Description of the task =
Skip the images; return every entry exactly.

(Records from a data source)
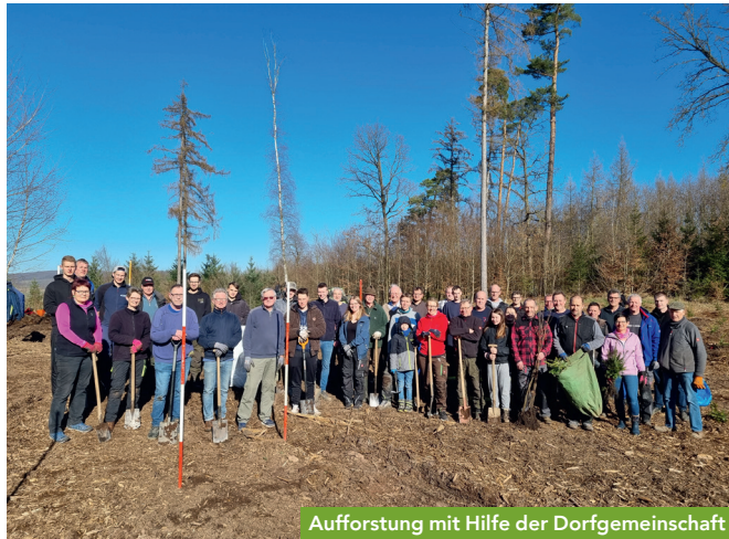
Aufforstung mit Hilfe der Dorfgemeinschaft

Ursprünglich wurde Germete als kleines Dorf im Diemeltal gegründet. Im Laufe seines über 1000-jährigen Bestehens veränderte sich nicht nur das Dorf, sondern auch die es umgebende Landschaft. Besonders deutlich wird dies in Wald und Flur. Aufgrund von erhöhtem Holzbedarf in diversen Kriegen, nach Brandkatastrophen und aktuell in Folge des Klimawandels zeigt „der Wald“ sich in einem stetig neuem Gesicht. Auch in der Landwirtschaft vollzog sich über die Jahrhunderte ein Wandel: Durch zunehmende Technisierung entstanden immer größere Äcker mit einer geringen Auswahl an Anbaufrüchten. Letztlich führte die Erschließung der Mineralwasserquellen um 1900 zu einer Art Industrialisierung des Dorfes, was sich auch bis heute im Dorfbild niederschlägt.
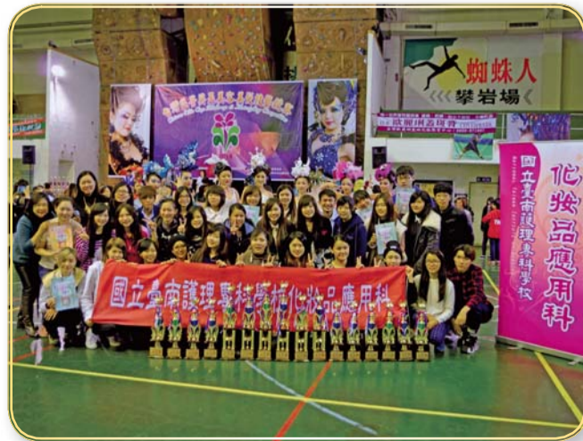
▲台灣菁英盃美容美髮技藝競賽後合影
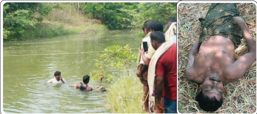
ములకలపల్లి, ఏప్రిల్ 20, ప్రజాజ్యోతి:

ఆర్ అండ్ బి అధికారులు, కాంట్రాక్టర్ నిర్లక్ష్యానికి వ్యక్తి మృతి చెందిన సంఘటన మండల కేంద్రంలో చోటు చేసుకుంది. స్థానికులు తెలిపిన వివరాల ప్రకారం ములకలపల్లి బురుగువాయి ఆర్ అండ్ బి రహదారి పై రింగిరెడ్డి పల్లి సమీపంలో పాములేరు వాగుపై ఐటిడిఎ నిధులతో హై లెవల్ వంతెన నిర్మాణ పనులు జరుగుతున్నాయి. వంతెన నిర్మాణం కోసం గుత్తేదారు అదే ప్రదేశంలో ఉన్న లో లెవల్ చస్తాను
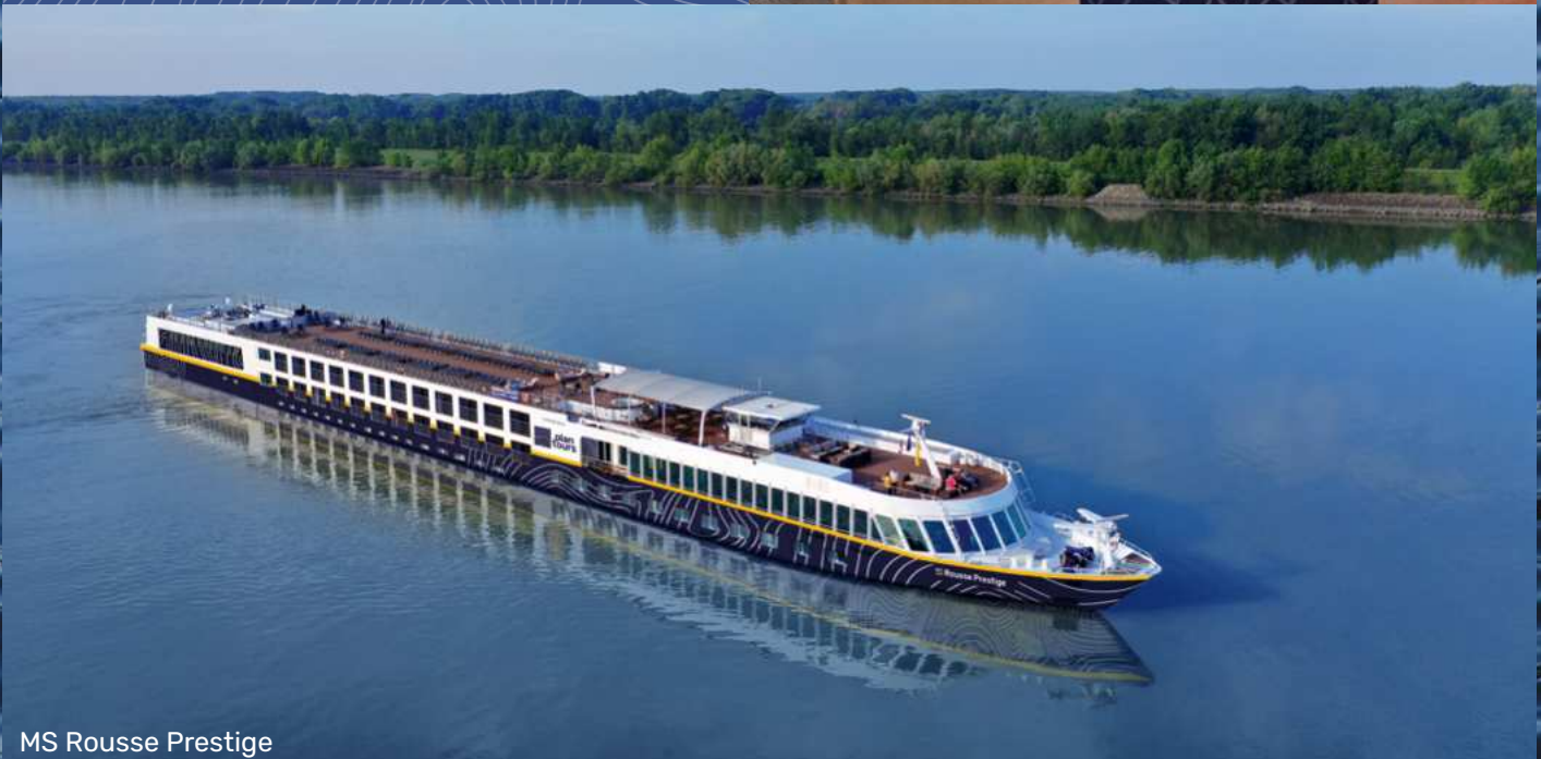
MS Rousse Prestige
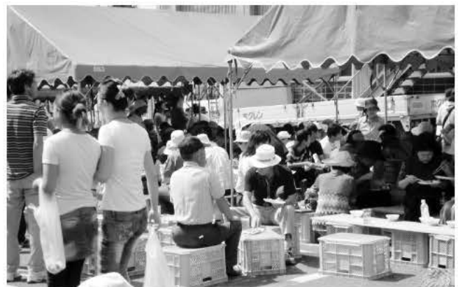
会場を訪れたたくさんの人々
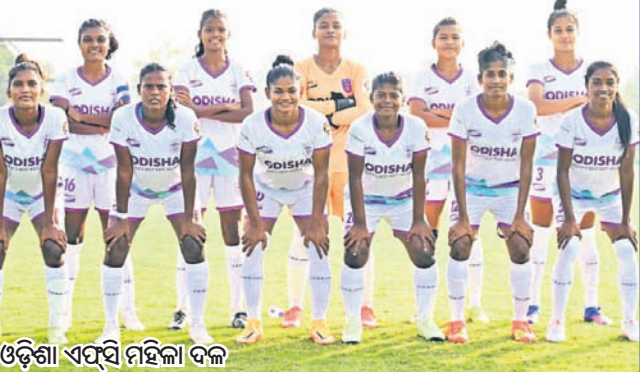
ଓଡ଼ିଶା ଏପ୍‌ସି ମହିଳା ଦଳ

ପେନାଲ୍ଟି ଶୁର୍ ଆଉଟରେ ପରାଜୟ ଦଳକୁ ବିଦାୟ ପାଏ ଦେଖାଇଥିଲା। କମ୍ପାନୀ ଆଉଟ୍‌ରେ: ପୁରବଳର ଭିକ୍ଟୋରି କ୍ଲବ୍ କରେବା ପାଇଁ ସର୍ବଦା ପ୍ରାୟାସ କରିଆସୁଥିବା ଓଏସ୍‌ସି ଷ୍ଟାଡ଼ିୟମ୍ ଅବସରରେ ବିଭିନ୍ନ ବସ୍ତ୍ର ଓ ଆଦିବାସୀ ଅଧିକାର ଅନୁମତି ପ୍ରାପ୍ତ ହେବା ପରେ ୧୫ ବର୍ଷରୁ କମ୍ ବୟସ ବର୍ଗର ଏକ ରୁନିମେଣ୍ଟ କରାଯାଇଛି।
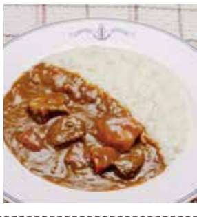
16 よこすか海軍カレー ¥405(税込) 糖 特定原材料：小麦・乳成分 内容量：200g×1袋(1人前) 賞味期限：2年 関ヤチヨ 辛さ指数 ★★☆☆☆

八丁味噌で仕上げたカレーに、口どきを2個とこめました。甘辛く旨味が広がる味わいをお楽しみください。

Solution for this exercise =
Aufforstung mit Hilfe der Dorfgemeinschaft

Ursprünglich wurde Germete als kleines Dorf im Diemeltal gegründet. Im Laufe seines über 1000-jährigen Bestehens veränderte sich nicht nur das Dorf, sondern auch die es umgebende Landschaft. Besonders deutlich wird dies in Wald und Flur. Aufgrund von erhöhtem Holzbedarf in diversen Kriegen, nach Brandkatastrophen und aktuell in Folge des Klimawandels zeigt „der Wald“ sich in einem stetig neuem Gesicht. Auch in der Landwirtschaft vollzog sich über die Jahrhunderte ein Wandel: Durch zunehmende Technisierung entstanden immer größere Äcker mit einer geringen Auswahl an Anbaufrüchten. Letztlich führte die Erschließung der Mineralwasserquellen um 1900 zu einer Art Industrialisierung des Dorfes, was sich auch bis heute im Dorfbild niederschlägt.
▲台灣菁英盃美容美髮技藝競賽後合影
ములకలపల్లి, ఏప్రిల్ 20, ప్రజాజ్యోతి:

ఆర్ అండ్ బి అధికారులు, కాంట్రాక్టర్ నిర్లక్ష్యానికి వ్యక్తి మృతి చెందిన సంఘటన మండల కేంద్రంలో చోటు చేసుకుంది. స్థానికులు తెలిపిన వివరాల ప్రకారం ములకలపల్లి బురుగువాయి ఆర్ అండ్ బి రహదారి పై రింగిరెడ్డి పల్లి సమీపంలో పాములేరు వాగుపై ఐటిడిఎ నిధులతో హై లెవల్ వంతెన నిర్మాణ పనులు జరుగుతున్నాయి. వంతెన నిర్మాణం కోసం గుత్తేదారు అదే ప్రదేశంలో ఉన్న లో లెవల్ చస్తాను
MS Rousse Prestige
会場を訪れたたくさんの人々
ଓଡ଼ିଶା ଏପ୍‌ସି ମହିଳା ଦଳ

ପେନାଲ୍ଟି ଶୁର୍ ଆଉଟରେ ପରାଜୟ ଦଳକୁ ବିଦାୟ ପାଏ ଦେଖାଇଥିଲା। କମ୍ପାନୀ ଆଉଟ୍‌ରେ: ପୁରବଳର ଭିକ୍ଟୋରି କ୍ଲବ୍ କରେବା ପାଇଁ ସର୍ବଦା ପ୍ରାୟାସ କରିଆସୁଥିବା ଓଏସ୍‌ସି ଷ୍ଟାଡ଼ିୟମ୍ ଅବସରରେ ବିଭିନ୍ନ ବସ୍ତ୍ର ଓ ଆଦିବାସୀ ଅଧିକାର ଅନୁମତି ପ୍ରାପ୍ତ ହେବା ପରେ ୧୫ ବର୍ଷରୁ କମ୍ ବୟସ ବର୍ଗର ଏକ ରୁନିମେଣ୍ଟ କରାଯାଇଛି।
16 よこすか海軍カレー ¥405(税込) 糖 特定原材料：小麦・乳成分 内容量：200g×1袋(1人前) 賞味期限：2年 関ヤチヨ 辛さ指数 ★★☆☆☆

八丁味噌で仕上げたカレーに、口どきを2個とこめました。甘辛く旨味が広がる味わいをお楽しみください。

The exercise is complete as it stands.